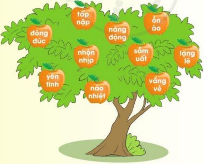 Chọn những quả táo chứa từ ngữ chỉ đặc điểm nổi bật của cuộc sống đô thị:
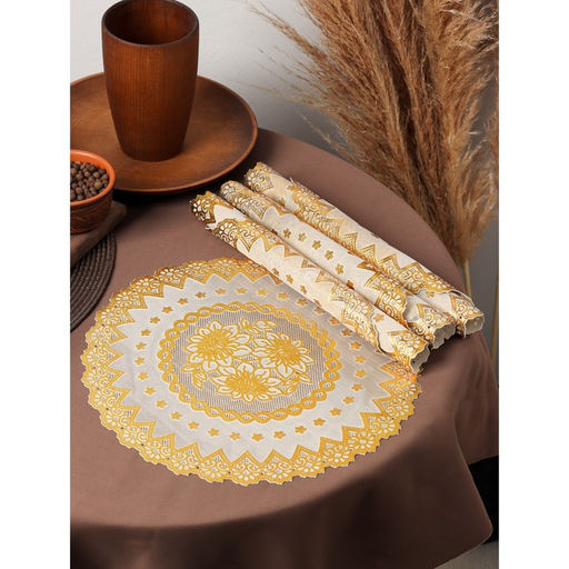 Набор салфеток кухонных Букет, 4 шт, d=30 см, цвет золотой
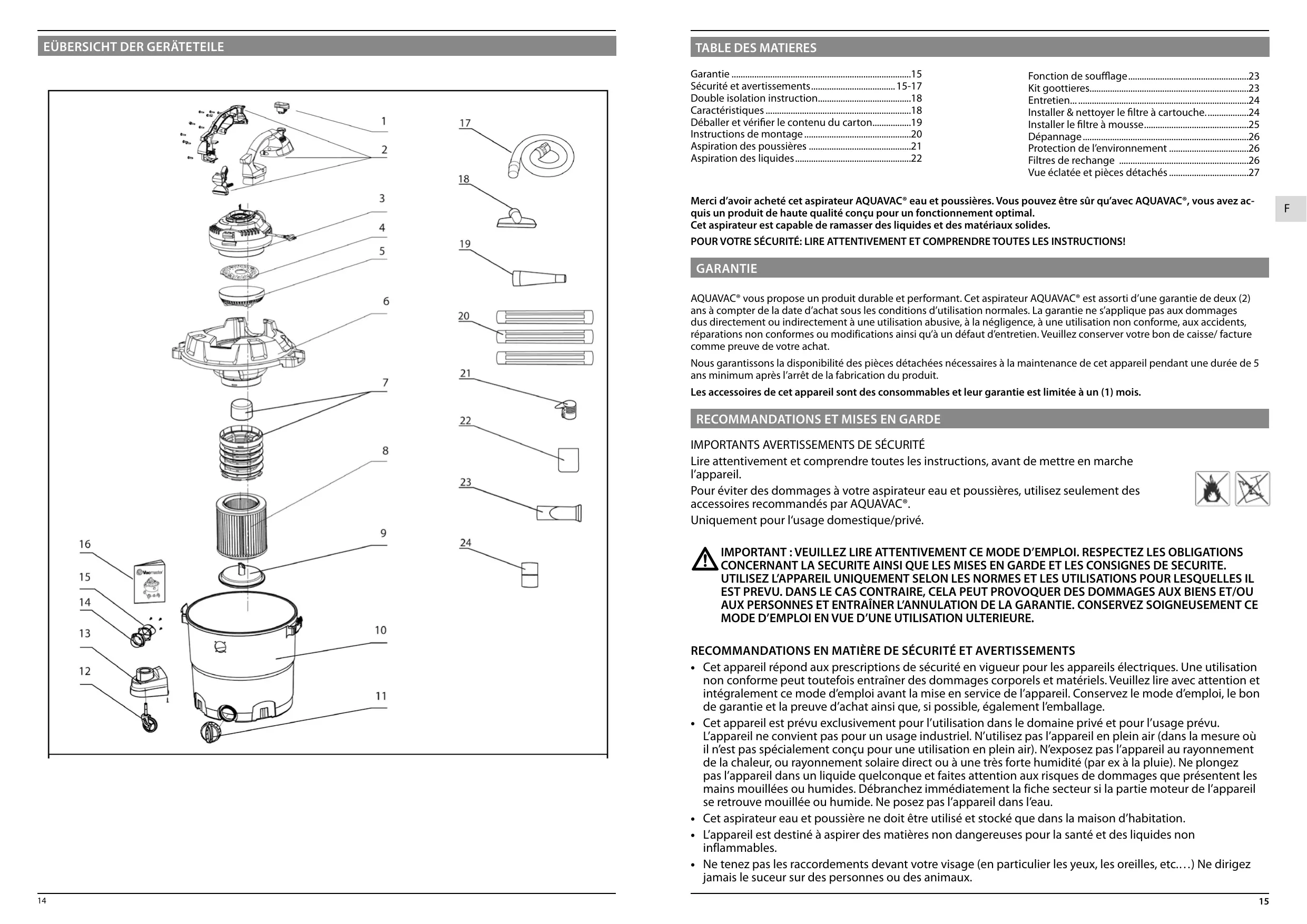 • Vue éclatée et pièces détachés Merci d’avoir acheté cet aspirateur AQUAVAC® eau et poussières. Vous pouvez être sûr qu’avec AQUAVAC®, vous avez acquis un produit de haute qualité conçu pour un fonctionnement optimal. Cet aspirateur est capable de ramasser des liquides et des matériaux solides. p. 27
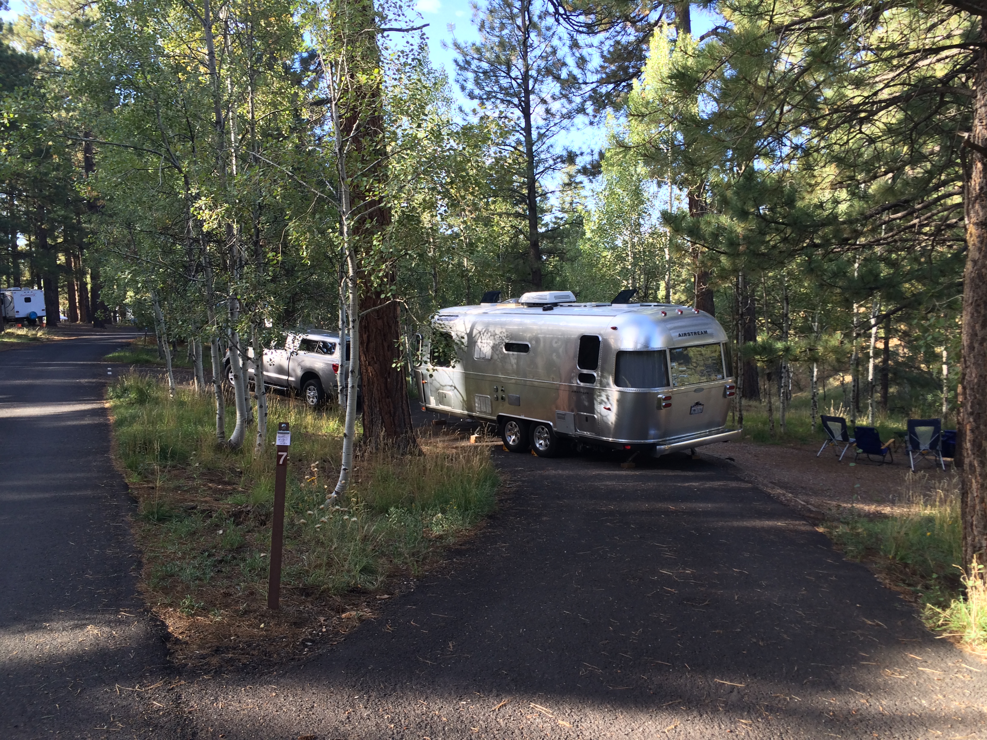 We haven’t been here in a long time and having only stayed in cabins on previous visits, the campground was new to us. We found a beautiful, quiet, spacious campground with all sites “pull-around” configuration. The “pull-around” was around trees! Nice paved sites, except almost all were “bowl” shaped and sloping to the one side – hard to see in the reservation photos. That meant it was a bit of a challenge to get situated and to arrange blocking – LEGO expertise was needed.
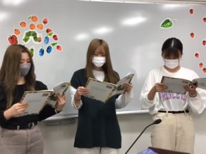 総合英語コミュニケーション♬幼児教育学科 R3年度 No. 14♬ 2021.09.15学内ブログ幼児教育学科幼児教育コースチャイルド・ミュージックコース 幼児教育学科です。 今回は「総合英語コミュニケーション」の授業についてご紹介します。 この授業はネイティブの先生が授業をされていますよ♪ 「はらぺこあおむし」の物語を英語で発表します。 グループごとに手袋シアターや飛び出す絵本など、いろいろな表現の工夫をしています。 みんな緊張しながらも楽しそうな表情が見えますね!
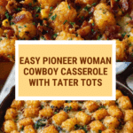 Pioneer Woman’s Cowboy Casserole is a hearty, comforting dish perfect for feeding a hungry family. Combining savory ground beef, crispy bacon, and golden tater tots, it’s an easy one-pan meal packed with flavor.
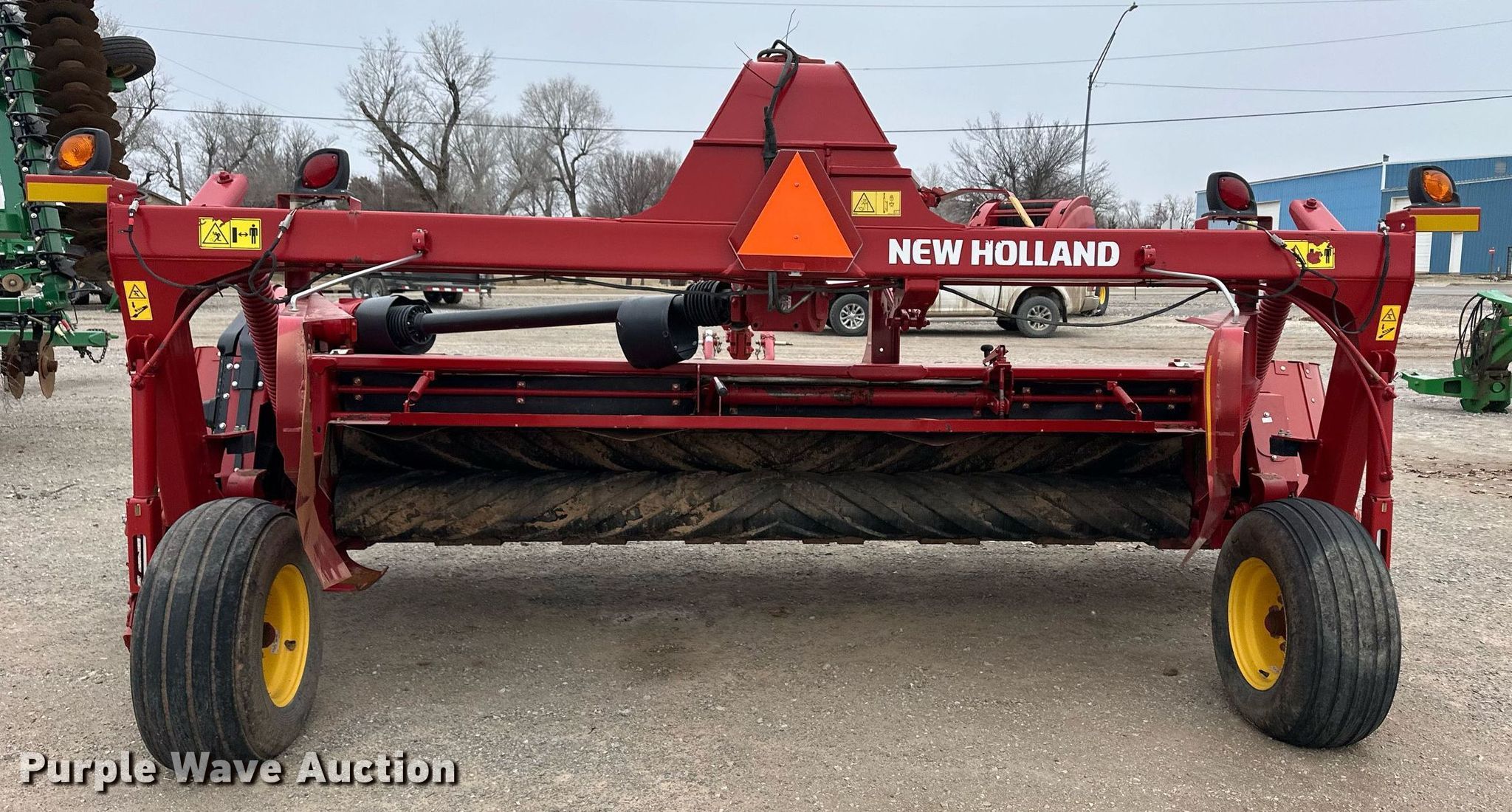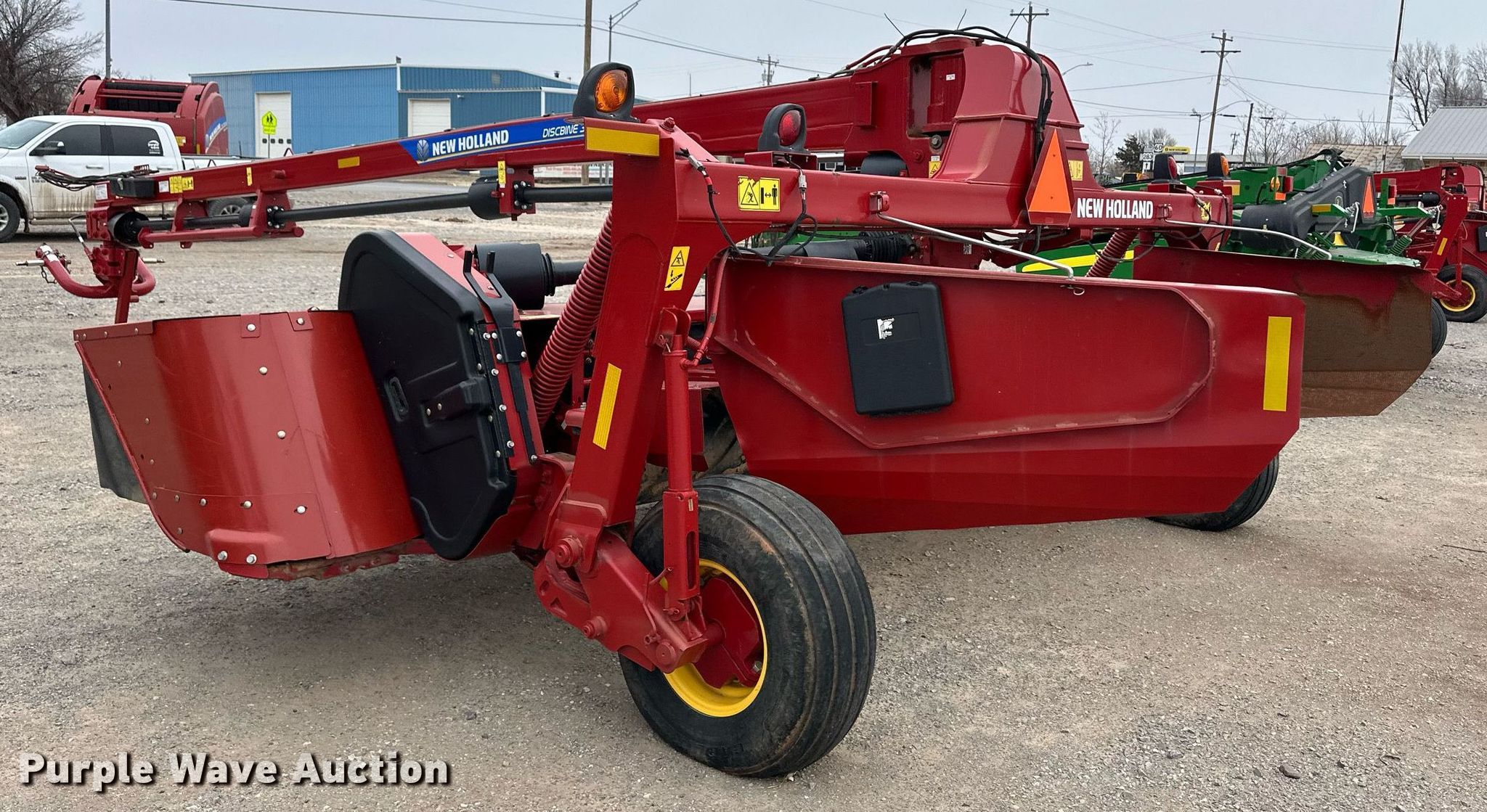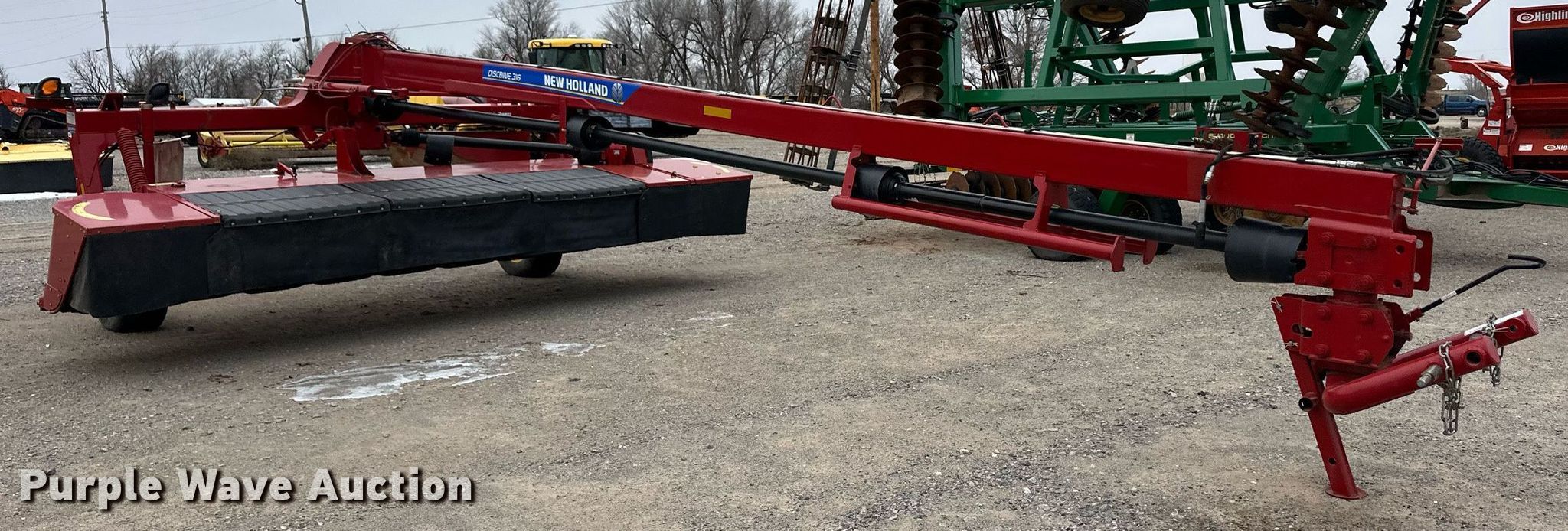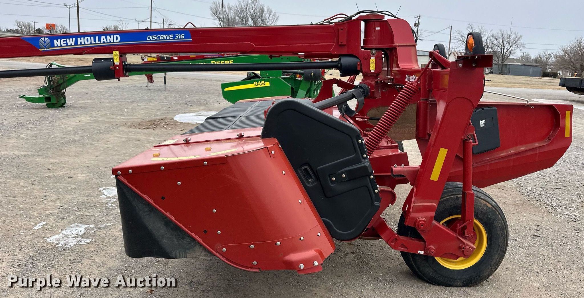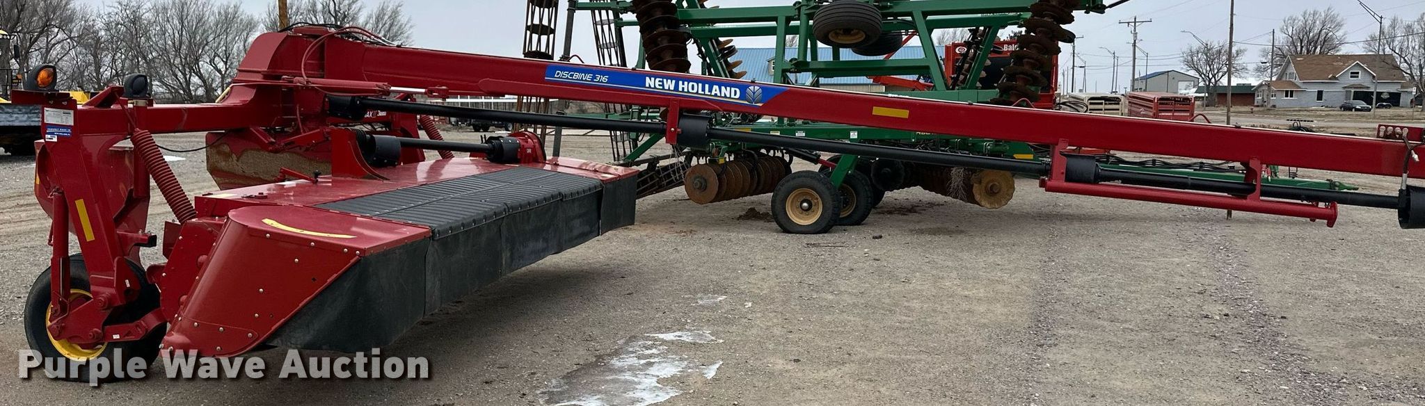 Purple Wave is selling a used Windrower Pull Type in Oklahoma. This item is a New Holland Discbine 316 swather / windrower with the following: PTO: 1000, Center pivot, Hitch, Two point, Head, Disc, Width: 16', Hydraulic head tilt, Conditioners: Rubber/ rubber
==============================
WORK REQUEST:
Your task is a word-for-word transcription of the entries, leaving out all pictures.

TASK RESULT:
 Chọn những quả táo chứa từ ngữ chỉ đặc điểm nổi bật của cuộc sống đô thị:
 Набор салфеток кухонных Букет, 4 шт, d=30 см, цвет золотой
 • Vue éclatée et pièces détachés Merci d’avoir acheté cet aspirateur AQUAVAC® eau et poussières. Vous pouvez être sûr qu’avec AQUAVAC®, vous avez acquis un produit de haute qualité conçu pour un fonctionnement optimal. Cet aspirateur est capable de ramasser des liquides et des matériaux solides. p. 27
 We haven’t been here in a long time and having only stayed in cabins on previous visits, the campground was new to us. We found a beautiful, quiet, spacious campground with all sites “pull-around” configuration. The “pull-around” was around trees! Nice paved sites, except almost all were “bowl” shaped and sloping to the one side – hard to see in the reservation photos. That meant it was a bit of a challenge to get situated and to arrange blocking – LEGO expertise was needed.
 総合英語コミュニケーション♬幼児教育学科 R3年度 No. 14♬ 2021.09.15学内ブログ幼児教育学科幼児教育コースチャイルド・ミュージックコース 幼児教育学科です。 今回は「総合英語コミュニケーション」の授業についてご紹介します。 この授業はネイティブの先生が授業をされていますよ♪ 「はらぺこあおむし」の物語を英語で発表します。 グループごとに手袋シアターや飛び出す絵本など、いろいろな表現の工夫をしています。 みんな緊張しながらも楽しそうな表情が見えますね!
 Pioneer Woman’s Cowboy Casserole is a hearty, comforting dish perfect for feeding a hungry family. Combining savory ground beef, crispy bacon, and golden tater tots, it’s an easy one-pan meal packed with flavor.
 Purple Wave is selling a used Windrower Pull Type in Oklahoma. This item is a New Holland Discbine 316 swather / windrower with the following: PTO: 1000, Center pivot, Hitch, Two point, Head, Disc, Width: 16', Hydraulic head tilt, Conditioners: Rubber/ rubber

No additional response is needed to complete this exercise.